EXTRACTED MATERIAL START
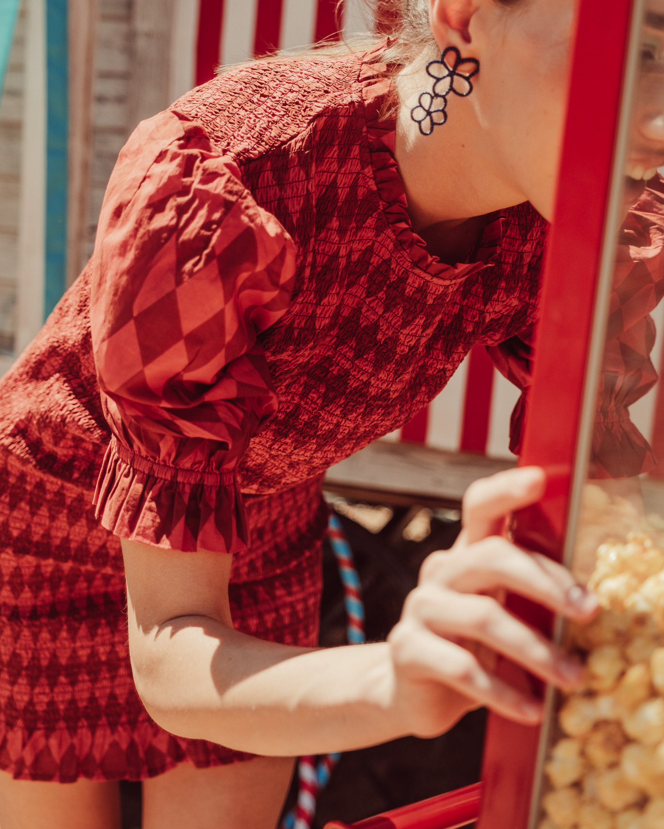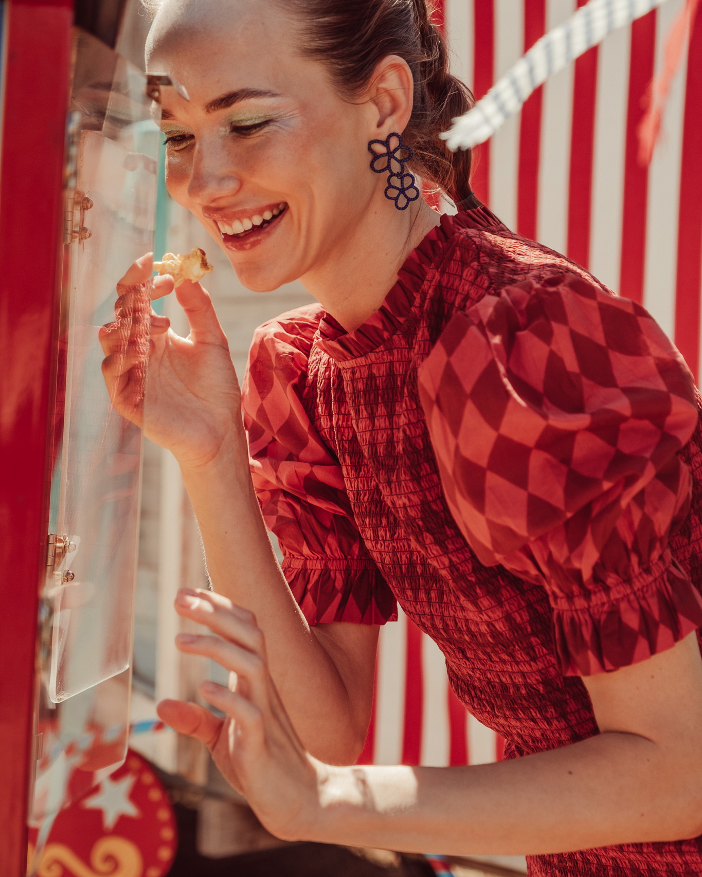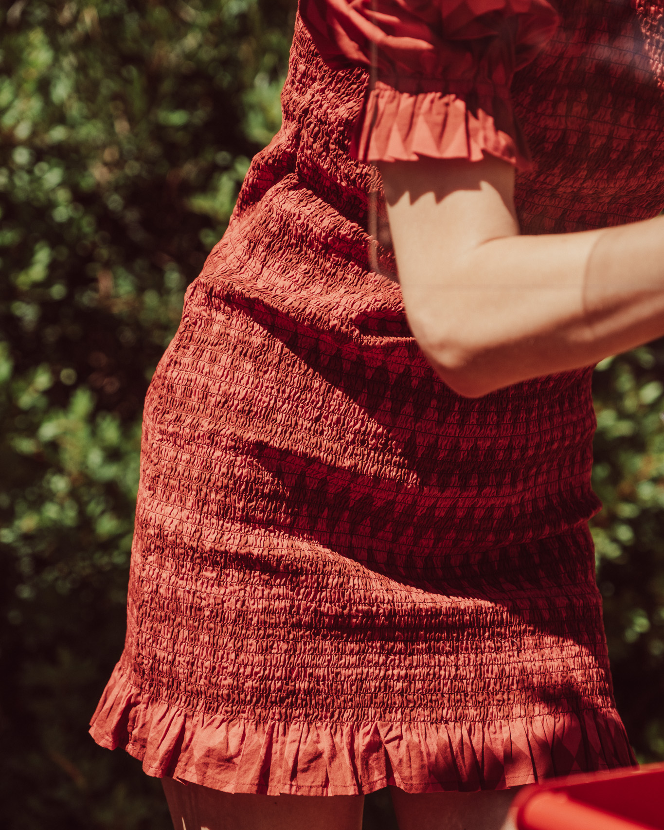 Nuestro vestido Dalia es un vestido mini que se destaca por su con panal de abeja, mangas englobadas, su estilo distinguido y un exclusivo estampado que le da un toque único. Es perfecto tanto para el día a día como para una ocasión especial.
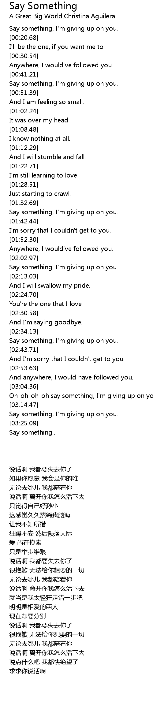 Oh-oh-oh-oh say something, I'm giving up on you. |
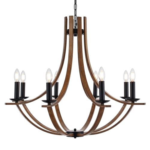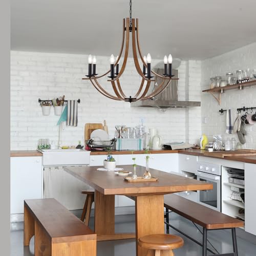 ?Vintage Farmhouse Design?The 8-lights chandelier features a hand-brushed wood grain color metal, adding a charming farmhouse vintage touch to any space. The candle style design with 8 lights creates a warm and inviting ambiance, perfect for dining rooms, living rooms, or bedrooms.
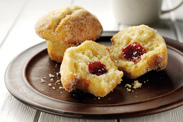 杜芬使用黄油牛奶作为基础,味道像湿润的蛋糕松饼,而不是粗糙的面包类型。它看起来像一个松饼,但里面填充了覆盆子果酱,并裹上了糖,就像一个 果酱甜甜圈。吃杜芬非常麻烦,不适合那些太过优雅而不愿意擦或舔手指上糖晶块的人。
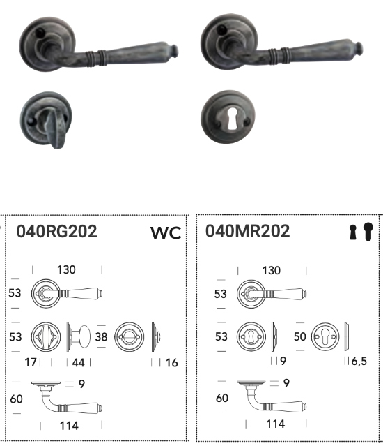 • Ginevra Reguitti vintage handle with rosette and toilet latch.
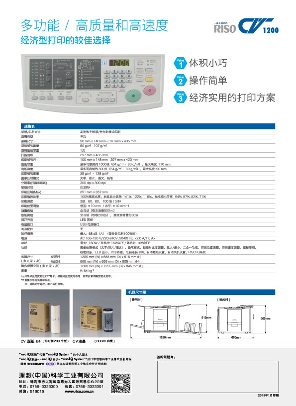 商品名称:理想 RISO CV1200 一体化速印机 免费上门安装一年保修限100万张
EXTRACTED MATERIAL END
_TASK BRIEF:_ Please print the span that begins at the line holding "Oh-oh-oh-oh say something, I'm" and ends at the last line of the data, both ends included, with no pictures.

_ANSWER:_
 Oh-oh-oh-oh say something, I'm giving up on you. |
 ?Vintage Farmhouse Design?The 8-lights chandelier features a hand-brushed wood grain color metal, adding a charming farmhouse vintage touch to any space. The candle style design with 8 lights creates a warm and inviting ambiance, perfect for dining rooms, living rooms, or bedrooms.
 杜芬使用黄油牛奶作为基础,味道像湿润的蛋糕松饼,而不是粗糙的面包类型。它看起来像一个松饼,但里面填充了覆盆子果酱,并裹上了糖,就像一个 果酱甜甜圈。吃杜芬非常麻烦,不适合那些太过优雅而不愿意擦或舔手指上糖晶块的人。
 • Ginevra Reguitti vintage handle with rosette and toilet latch.
 商品名称:理想 RISO CV1200 一体化速印机 免费上门安装一年保修限100万张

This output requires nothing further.